I also added a cross bunk on the trailer tongue to stabilize bow of the trailer when loading. New winch, and 3 new hitch jacks (PITA).


----------



## Tallpine (Apr 27, 2015)

That trailer does look a bit small for that boat. It looks like it was made for a 12 ft. It may help to see a photo from the side showing the full length including the tongue, and also one showing how your bunks are set up.


----------



## lckstckn2smknbrls (Apr 27, 2015)

I highly doubt it's a 3000 pound capacity trailer. It may have lic plates for up to 3000 pounds but you are limited by several factors. 
1) The tires are probably a B range tire with a capacity of 590 each, 1180 total. 
2) The springs are 500 pound to 750 pounds each, 1000 pounds to 1500 pounds.
3) The axle depending on spindle, bearing size and construction is probably 1000 to 2000 pounds. 
So your tires are probably your limiting factor.
What's your boat and trailer weigh? What's your tongue weight? You want about 10% of the total weight on the tongue other wise the trailer can become dangerously unstable when towing
Having the transom over hanging the bunks can create a hook in the bottom of the hull.


----------



## overboard (Apr 27, 2015)

That trailer does look awful small for that boat!


----------



## Tallpine (Apr 27, 2015)

lckstckn2smknbrls said:


> I highly doubt it's a 3000 pound capacity trailer. It may have lic plates for up to 3000 pounds but you are limited by several factors.
> 1) The tires are probably a B range tire with a capacity of 590 each, 1180 total.
> 2) The springs are 500 pound to 750 pounds each, 1000 pounds to 1500 pounds.
> 3) The axle depending on spindle, bearing size and construction is probably 1000 to 2000 pounds.
> ...


That was my thought. It looks like a lot of the weight behind the axle. If we could see the tongue we could tell if the entire boat could be moved forward.


----------



## muzikman (Apr 27, 2015)

I have read in the NHTSA requirements that no part of the towed vehicle (i.e. boat) is allowed to block the clear visibility of all rearward lights.
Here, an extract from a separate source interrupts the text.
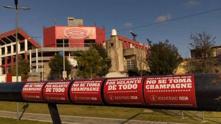 Los carteles, firmados por la agrupación opositora Identidad Roja, aparecieron en las inmediaciones del estadio y en varias zonas del centro de la ciudad con consignas como “Independiente por delante de todo” y “Con las copas del Rojo no se toma champagne”, una frase que apunta directamente contra lo que desde el espacio denominan el “grupo Champagne”, en referencia al actual oficialismo del club.

....and this is a judgement call for an officer in the event of a traffic stop.

You might take a drive with a friend following you and see if all lights are visible at all times except when making 90 degree turns or extreme maneuvers.


----------



## PaThwacker (Apr 28, 2015)

Hi here is a side profile of the setup of the entire package and tow vehicle. The 6ft bunk boards extend all the way to the transom. The axle is near the rear 1/3 of the boat. 

The 8" bearing burners are load rage C and title and placards have at at 3000lb gvw.

A Lowe 1448T is light as hell. I can lift it up off the bunks from the side. I am unable to slide the boat forward on the trailer. 
Tongue wt is light probably 40lbs. My ultra light camper's is 850lbs lol.


----------



## PaThwacker (Apr 28, 2015)

Rear of boat has 85ah AGM, 6 gallons of fuel, 25xd, and 55lb thrust minn kota.


----------



## lckstckn2smknbrls (Apr 28, 2015)

The weight rating on the title and placards are not the actual weight carrying capacity of the trailer. The 3000 pounds weight is just the lowest trailer license plate the state issues.


----------



## PaThwacker (Apr 28, 2015)

Stress cracks are starting on the top and bottom flanges of the C-Channel, one on each side. I attribute that abuse to the horrible roads in Pennsylvania. 

Lights self destruct when towed on some of the routes. Shredded the 7 way wire on my camper on a majorly screwed up road with 45mph speed limits *(Route 402 if anyone knows that mess).


----------



## overboard (Apr 28, 2015)

NE PA! :lol: 
No worry, the 70c a gal gas tax will have our roads SMOOTH as glass shortly! :LOL2: 
I'm working on a different trailer for a 1654 Tracker GRIZZLEY, and will probably sell the trailer it's currently on. Your boat should fit right on it!


----------



## PaThwacker (Apr 28, 2015)

Hahahaha

Anyone in NEPA looking for a perfect trailer for a 12ft V or 1236? Title, new bunks, and new bearing burners!


----------



## NEPA_Fisherman (May 2, 2015)

I'll 2nd that about the horrible roads here in the Poconos. I've been going out of my way to take longer routes to lakes just to avoid certain roads that are ridiculous. I won't drive 402 _without_ a trailer let alone with my boat.


----------



## RiverLife (Jun 14, 2015)

Just picked up the same setup Lowe Big Jon 1448MV on an old Yacht Club non adjustable. I ended up selling the trailer and got a new Yacht Club to put under it. Boat sits nice now and is supported all the way and is adjustable to fit a 16' should I buy a bigger boat in the future.

I think I could have made the old one work with new longer bunk boards and some tweaking. I want to be on the water with a fishing pole not in my garage monkeying around with a welder and a wood saw.


----------